Pressure is mounting on Saudi authorities over the killing of Jamal Khashoggi and the case’s aftermath this week as a deadline for action imposed on President Donald Trump by the US lawmakers last year passed without any response from the White House.
A series of rapid-fire developments showed continuing outrage over the murder and dismemberment of The Washington Post columnist at the hands of Saudi spies and security officials dispatched to the Istanbul consulate more than four months ago.
A deadline demanding a response on a US Global Magnitsky Act ruling calling for punishment of state human rights abuses came and went this week without a response from the White House on the culpability of Saudi Crown Prince Mohammad bin Salman, who has strong ties to Mr Trump and his family. The White House says it is conferring with lawmakers, and contiuing to examine the murder.
But if the Trump administration and its allies in Riyadh were hoping the 2 October killing would fade away, they were wrong. The case exploded into headlines again this week with a report describing the preliminary result of a UN probe, leaks of classified intelligence tying the crown prince, or MBS as he is known, to the murder, and new proposed Senate sanctions on Saudi Arabia, solidifying Khashoggi’s status as a global icon for press freedom and human rights.
“The attention to Jamal Khashoggi has exceeded in length and depth the regular killings of other political critics from the region dramatically,” said Timothy Kaldas, a fellow at the Tahrir Institute for Middle East Policy.
“Unlike many of the other victims of brutal authoritarians like MBS, Khashoggi allowed observers and the public to put a face to the murderous violence often visited upon individuals willing to risk their freedom and even lives to shed light on the wrongdoing of their leaders.”

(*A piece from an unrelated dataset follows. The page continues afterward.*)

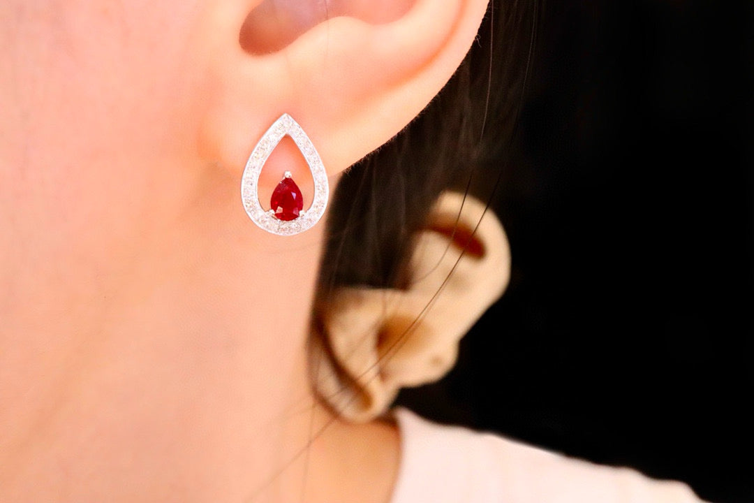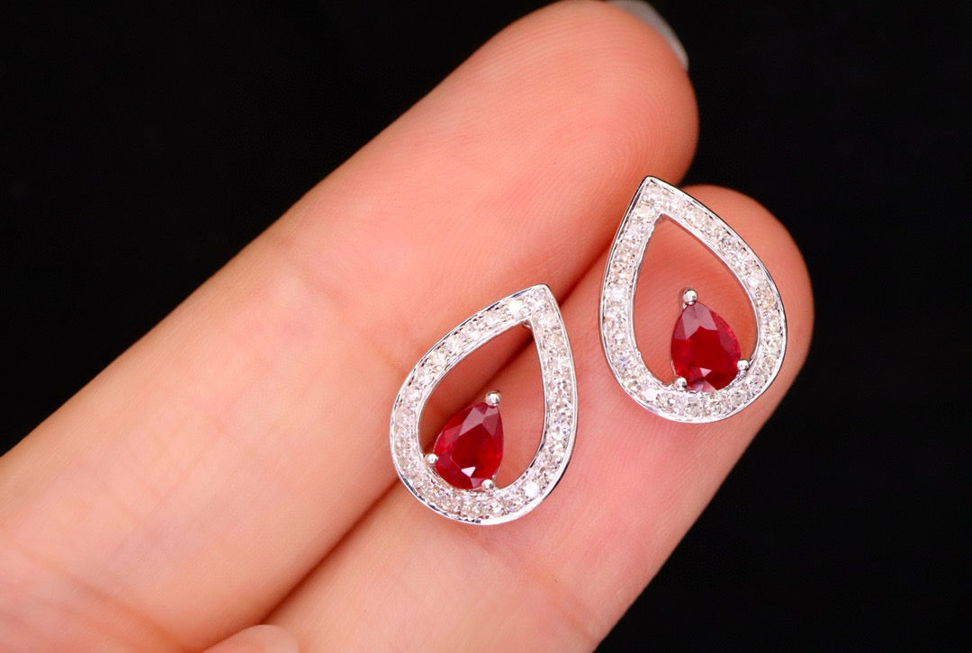 Ref:231019229 // Gold Content:14K Gold // Main Gemstone:Ruby // Shape:Pear // Carat Weight:0.53ct // Color:Red // Treatment:Natural // // Adjacent Gemstone 2 : Diamond // Shape:Round // Carat Weight:0.25ct // Clarity Grade:VS-SI // Color:H // Treatment:Natural // Cut Grade:G //

The UN special rapporteur’s preliminary report late Thursday, which followed a visit to Turkey, sharply condemned Saudi actions before and after the murder. Agnes Callamard, leader of the mission, also told the Associated Press she had been informed of a previously undisclosed 31 January court hearing in the case of 11 unnamed suspects that Saudi Arabia claims it is prosecuting for the murder.
“The evidence presented to us during the mission to Turkey demonstrates a prima facie case that Mr Khashoggi was the victim of a brutal and premeditated killing, planned and perpetrated by officials of the state of Saudi Arabia and others acting under the direction of these state agents,” the report said.
The New York Times published leaks that if confirmed would be among the most convincing pieces of evidence tying Mohammed bin Salman to the murder of Khashoggi. Based on accounts of leaked US intelligence intercepts, the young crown prince had told a close aide a year before Khashoggi’s murder he would like to use “a bullet” against the journalist. Saudi officials say that the killing was ordered by rogue elements.
A group of both Democratic and Republican Party US senators introduced a new bill that if enacted would restrict arms sales to Saudi Arabia as punishment for the killing.
“Seeing as the Trump administration has no intention of insisting on full accountability for Mr Khashoggi’s murderers, it is time for congress to step in and impose real consequences to fundamentally re-examine our relationship with the Kingdom of Saudi Arabia,” said US senator Robert Menendez, a Democrat, said in a statement.
At a bookshop in Istanbul on Friday morning, Hatice Cengiz, the fiancee of the slain journalist, unveiled a new book about his final days. She wept as she described the loss of Khashoggi, and called for UN and US congressional pressure on Saudi Arabia, and offered to meet with Mr Trump if he shifted his stance on the Saudi leadership.
Ankara also upped pressure on Saudi, reiterating its demand for the extradition of the suspects it has named for trial in Istanbul. “After four months, we are still waiting for answers,” Fahrettin Altun, spokesperson for Turkish president Recep Tayyip Erdogan, wrote in a Tweet. “Where is the body? Who ordered the hit? Was there a local collaborator? The world is watching.”
The new developments add pressure onto Saudi Arabia just as Riyadh was attempting to leave the high-profile murder behind and resurrect its grand plans to draw foreign investment into the country, and begin a geopolitical gambit to confront Iran. But Mr Kaldas suggested that crown prince’s reception at the World Economic Forum conference in Davos last month suggested many key global political and economic leaders have already moved on.
“There is a cynical hypocrisy manifested in many western governments choosing to ultimately ignore MBS’ crimes and try to get back to business as usual,” he said.
“It’s still prominent in the press and there are members of the press who continue to raise the issue. As toxic as MBS is, among the people he’s comfortable with so far there’s not a sign that there’s any kind of material consequences for his actions.”